Y los diálogos. Aquí, al igual que con los cuentos de Askildsen o de Wolff, por no salirme del marco de este blog, hay ejemplos con los que nuestros queridos/as autores/as podrían aprender algo, si quisieran. Si no estuvieran convencidos de que la naturalidad de estos grandes escritores pueden emularla con la suya propia. No se dan cuenta de que la primera está trabajada, pulida y machacada sobre el yunque de la autoexigencia ; la segunda, la suya, no es más que verborrea que emana como si nada y que suele confundirse con inspiración. "Hay que desconfiar de lo que se escribe fácil", leí algo así una vez: no son más que errores encadenados, añadiría yo.

Por poner un ejemplo:


Ma cantaba en la cocina. 
"Espero que al menos hayas sacado algo de panceta!", gritó Harris. "Un muchacho que vuelve a casa se merece comer panceta, joder". 
"¿Por qué te metes?", gritó Ma desde la cocina. "Acabas de conocerle". 
"Le quiero como si fuera mi hijo", dijo Harris. 
"¡Qué afirmación más ridícula", dijo Ma. "Odias a tu hijo". 
"Odio a mis dos hijos", dijo Harris. 
"Y odiarías a tu hija si alguna vez llegaras a conocerla", dijo Ma. 
Harris se sonrió, como si le conmoviera que Ma lo conociera lo bastante bien como para saber que sería inevitable que odiara a cualquier hijo que concibiera. (Pág. 189)

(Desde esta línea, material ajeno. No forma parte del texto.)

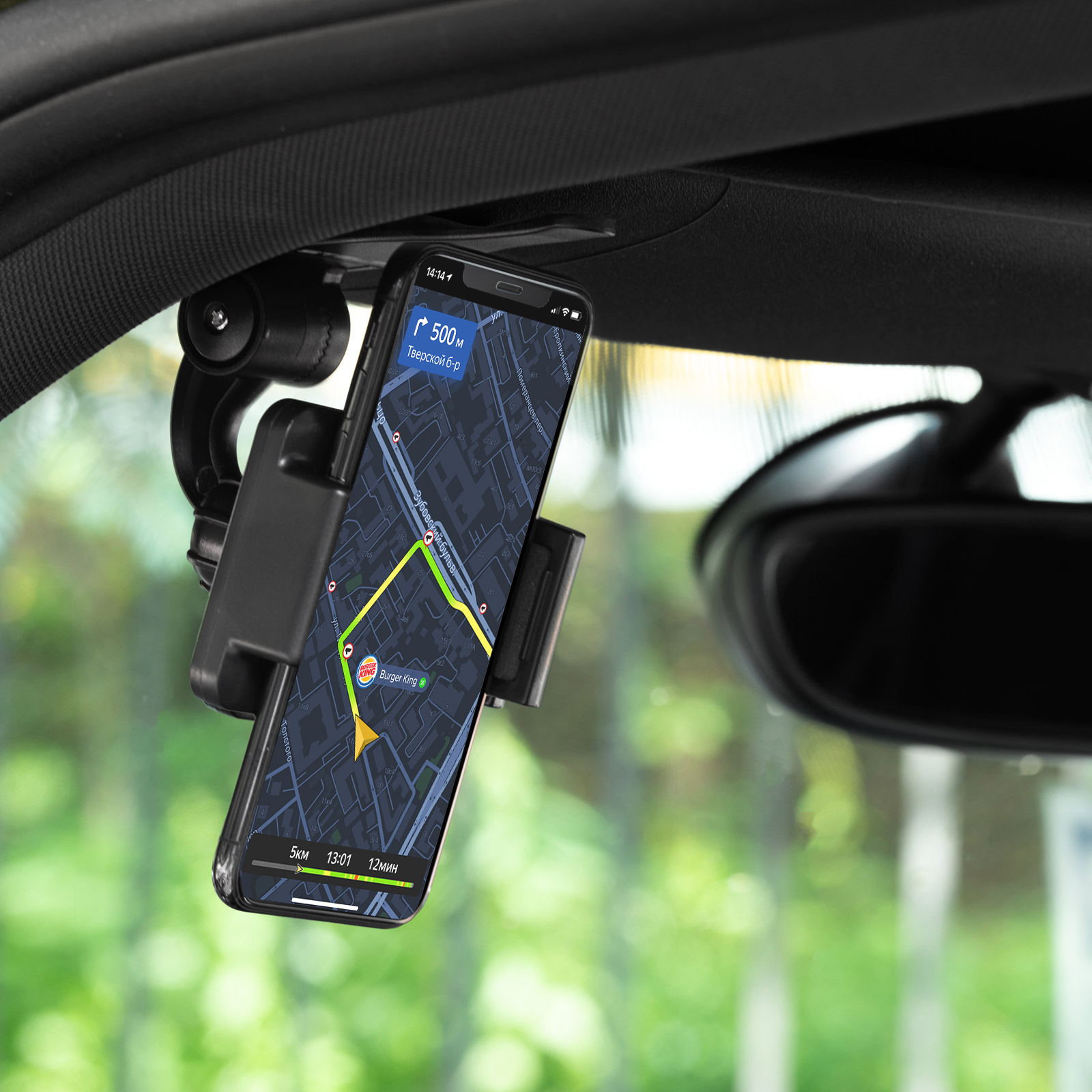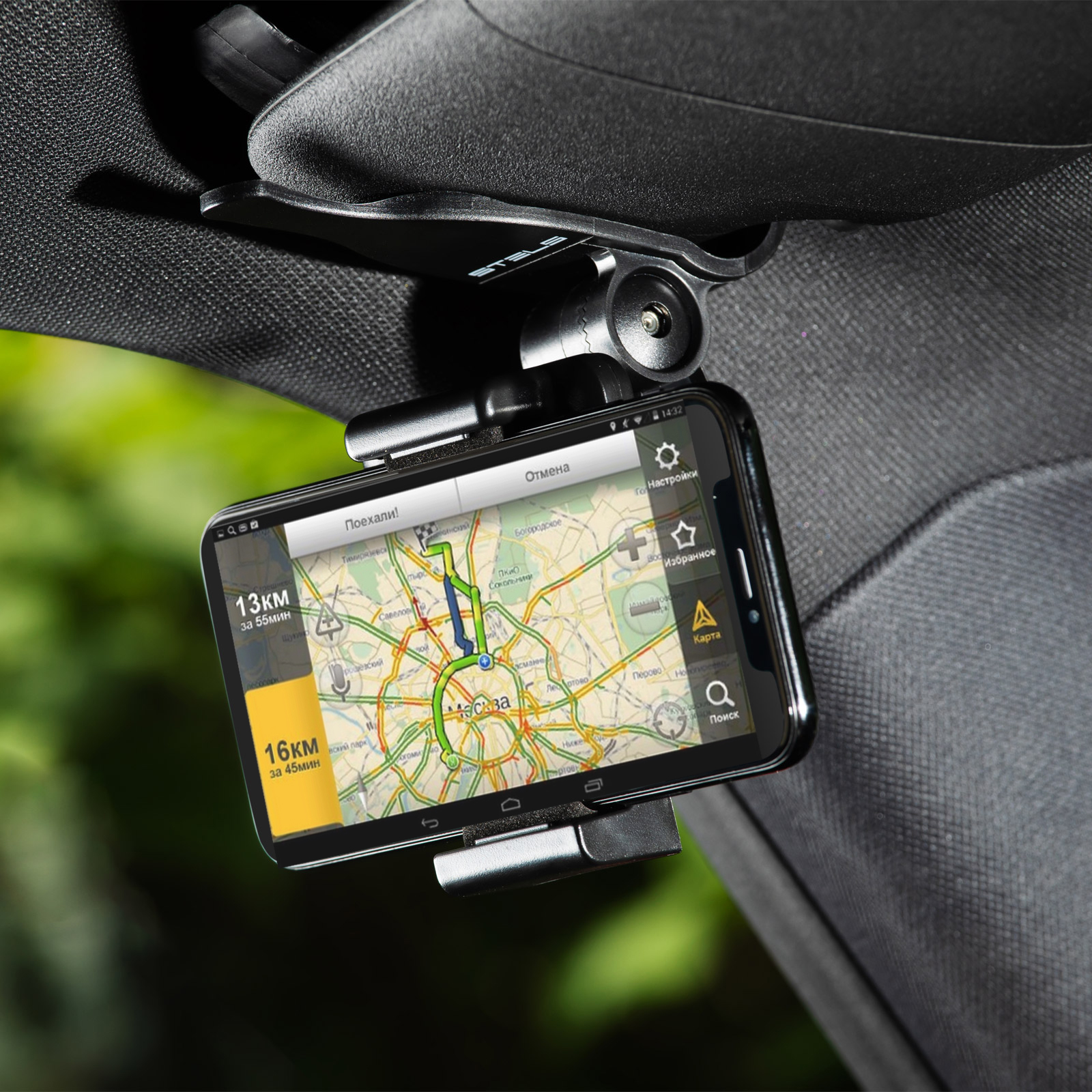- Быстрая фиксация — телефон крепится в держателе одной рукой за несколько секунд.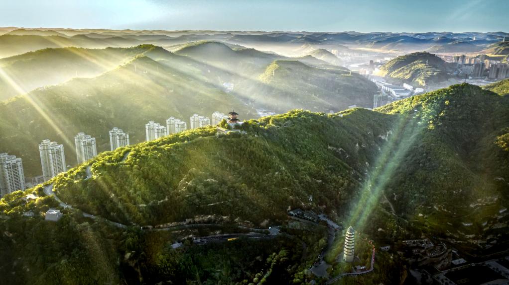 航拍被绿色环绕的延安市宝塔山。新华社记者 陶明 摄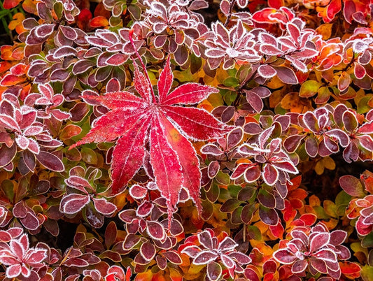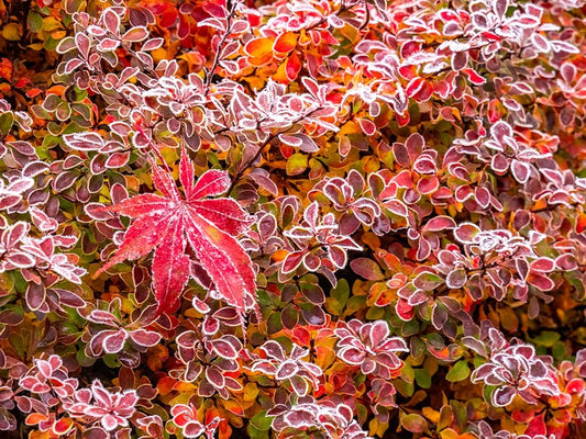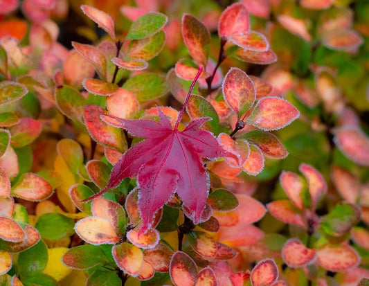USA-Washington State-Pacific Northwest Sammamish frost rimmed Barberry White Modern Wood Framed Art Print with Double Matting by Gulin, Sylvia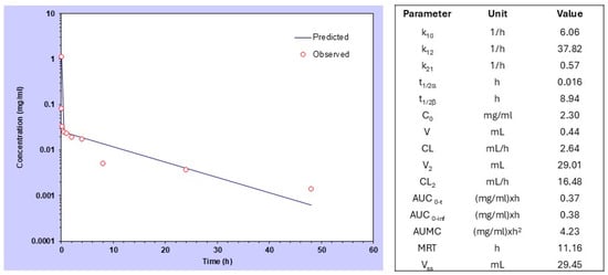 Compartmental analysis and pharmacokinetic data of P-(Esbp)-IR783 in healthy mice after intravenous bolus injection.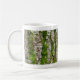 Vibrant green moss grows in vertical grooves of faded pine tree bark. The macro photograph shows the alternating stripes of bark and moss as well as the texture of each. The bark is layered, scaly, with fine gradations of colour: greys, browns, and even pale green. The moss is comprised of myriad short fine hairs, as though the tree wanted some green fur highlights.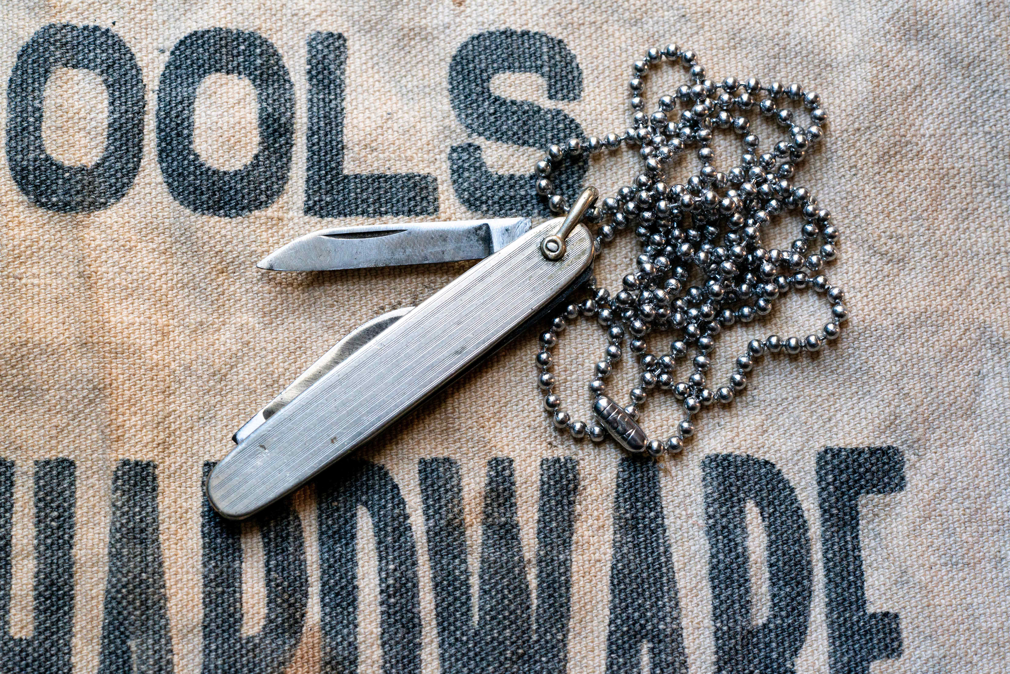Assembled in New England using an authentic miniature two blade pen knife and stainless ball chain made in the USA by the exclusive supplier to the US Military who has been making these chains for over 80 years.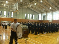 学校長、生徒会長の挨拶に引き続き、応援団の柔道部がTシャツ一枚で

Como dice la nota previa del traductor, en estos cuentos "el lenguaje tiene la misma importancia que la trama o más". Como decíamos antes, el tono coloquial, los solecismos, la defectuosa conjugación de los verbos y las frases hechas son escogidos y creados por el autor para producir el efecto que buscaba. Lo que no es incompatible ni con el preciso manejo de la acción ni con la pertinencia de las descripciones. Cierto es, también, que cuando hablamos del estilo del autor, de la elección de las palabras y del ritmo de las frases, tendemos a olvidar al traductor, en este caso, Ben Clark. Debería ser obligatoria en todas las obras traducidas una introducción a cargo del traductor explicándonos los problemas que encaró y sus soluciones. Yo he disfrutado cuando he tenido la rara oportunidad de leerlas.

En fin, una obra artística de verdad que le reconcilia a uno (de nuevo) con la literatura, que ya está bien de obras mediocres y, lo peor, pretenciosas. Es posible, no obstante, que cuando selecciono obras extranjeras afine mucho más el tiro que con el producto local, que me aparece de sopetón y sin refinar en la prensa local y en las redes sociales, salvo alguna sugerencia personal (siempre bienvenida). No es un fácil equilibrio este entre lo local y lo internacional, entre la novedad y lo (más o menos) canonizado. Pero peor aún es la tensión que deben soportar unas cuantas lumbreras entre su rol de hombre/mujer de letras o de intelectual y la íntima comprensión de su mentecatez.